An alternative to routine diversion, known as the’selective diversion’ approach, has been postulated and demonstrated to be feasible, albeit with limited evidence [36]. This approach aims to avoid stoma-related morbidity by offering proactive leak management only when a leak is suspected [37]. While there is limited evidence to suggest its safety, the authors believe the risks of this approach do not outweigh the benefits. Anastomotic leak and subsequent pelvic sepsis has been shown to significantly increase the risk of developing LARS [38]. The formation of a loop ileostomy to divert bowel contents away from the site of anastomosis is a well-established risk management strategy known to minimise the sequelae of an anastomotic leak and international widespread change is unlikely [6].

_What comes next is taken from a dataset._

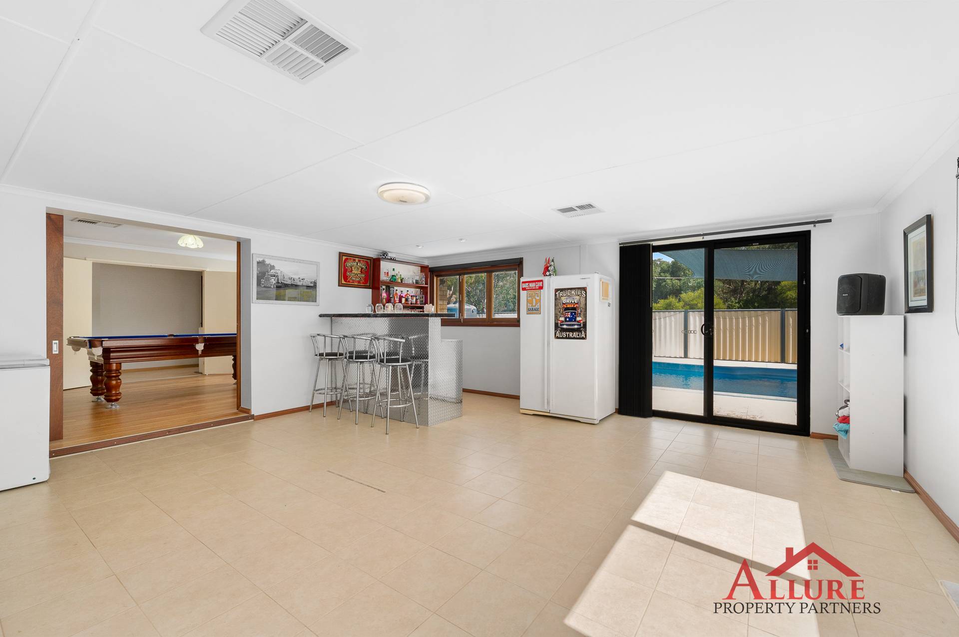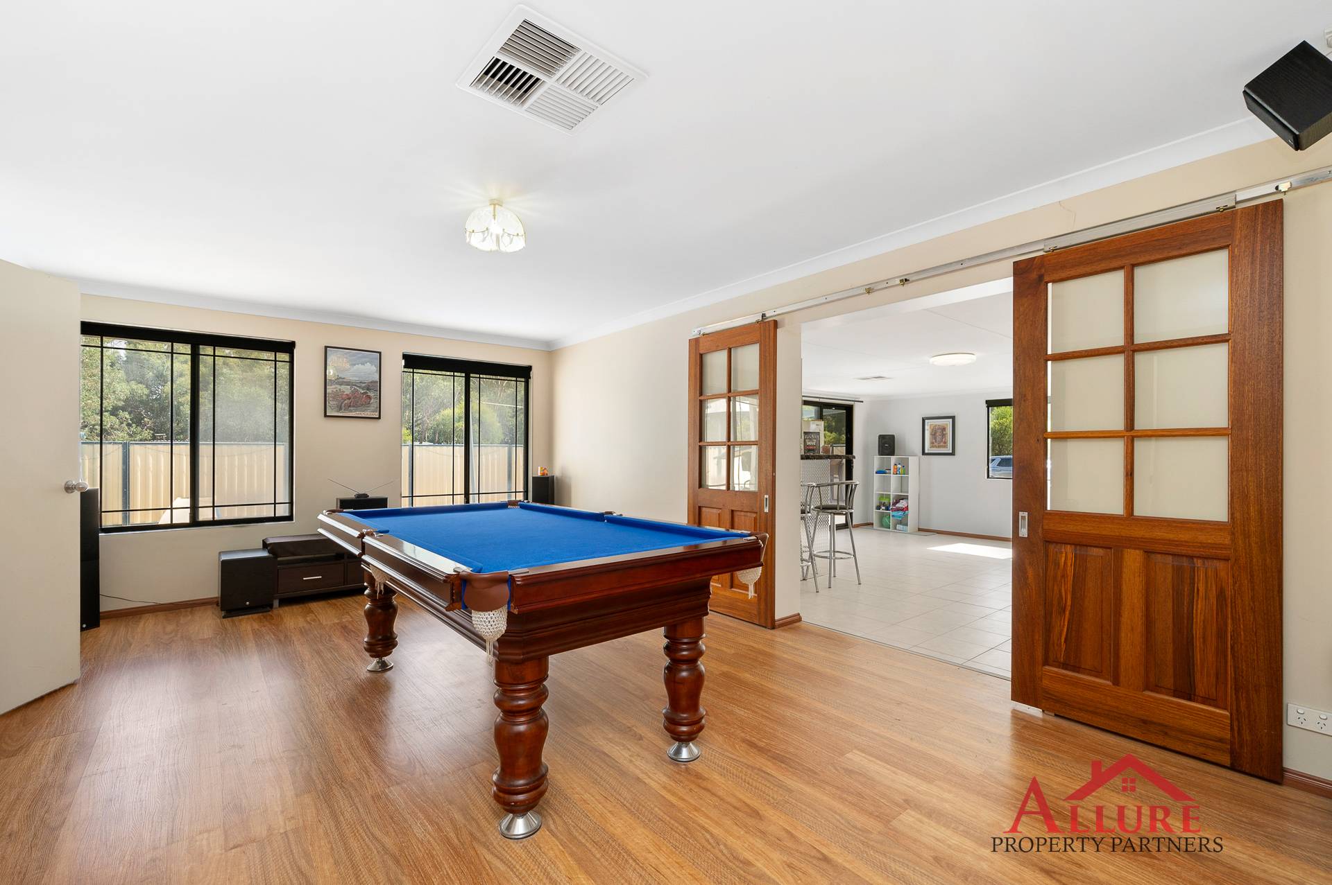 •    Expansive multiple living areas, comprises of a lounge room (currently the snooker/pool table room) which opens out into the entertaining room, a family living & dining, and a games/study room.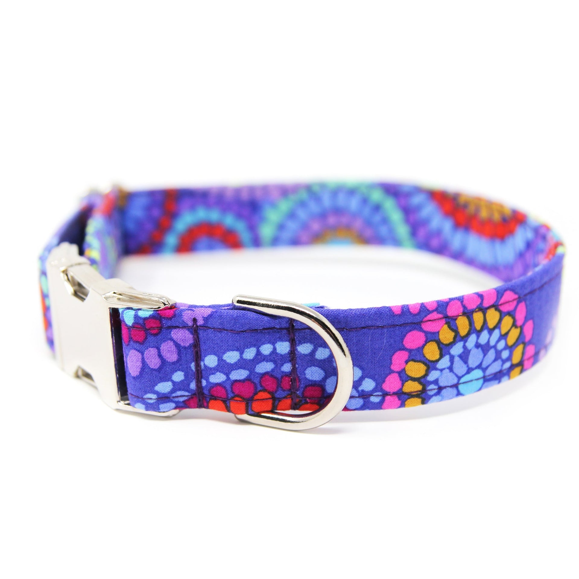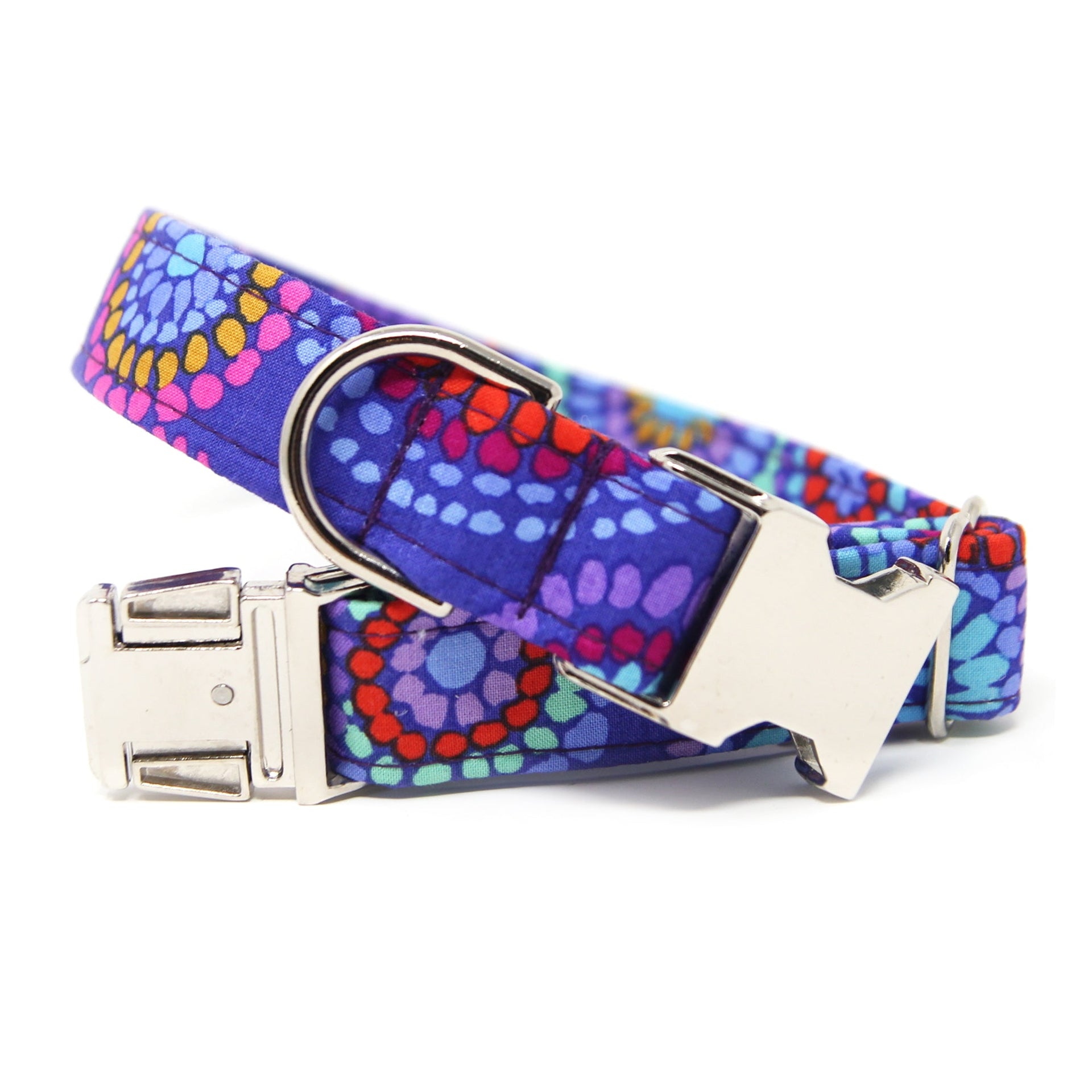 Give your companion the luxury they deserve with this stunning Purple Polka Dot dog collar. Your pooch will look uber stylish while staying safe with the optional personalization.

This review has several strengths and provides evidence in terms of outcome data that would help inform surgeon–patient consultation. Data was only included from randomised controlled trials (534 patients) and had low levels of heterogeneity. It provides clear outcome data to help guide decision-making and counsel patients preoperatively in terms of recovery, expected morbidity and/or re-operation. It could, for example, be a safer option in elderly patients, who are at increased risk of dehydration and acute kidney injury secondary to a prolonged ileostomy losses [39]. We do acknowledge that the review has some limitations, particularly in terms of impact of age, comorbidities and extent of primary surgery on the selection criteria for early closure. Despite this, the authors are of the opinion that EC can be considered in highly selective cases with adequate perioperative counselling. In addition, there remains a lack of data on quality of life outcomes across the majority of included studies. Another limitation is the inability to divide the SBO and postoperative ileus data into separate groups to provide a more accurate analysis and draw more realistic conclusions on the rate of obstruction in the two groups. Despite these limitations, this meta-analysis highlights the feasibility of early stoma closure in a select cohort of patients who are well counselled on both the risks and benefits of this method of reversal.

Conclusions

For most outcomes, out review observed no difference between EC and SC of defunctioning ileostomy after rectal surgery. However, the EC group did have a higher rate of major morbidity and/or reoperation. Overall, early closure appears to be a feasible option in highly selective cases with good perioperative counselling and shared decision-making. The impact of EC on overall quality of life requires further evaluation.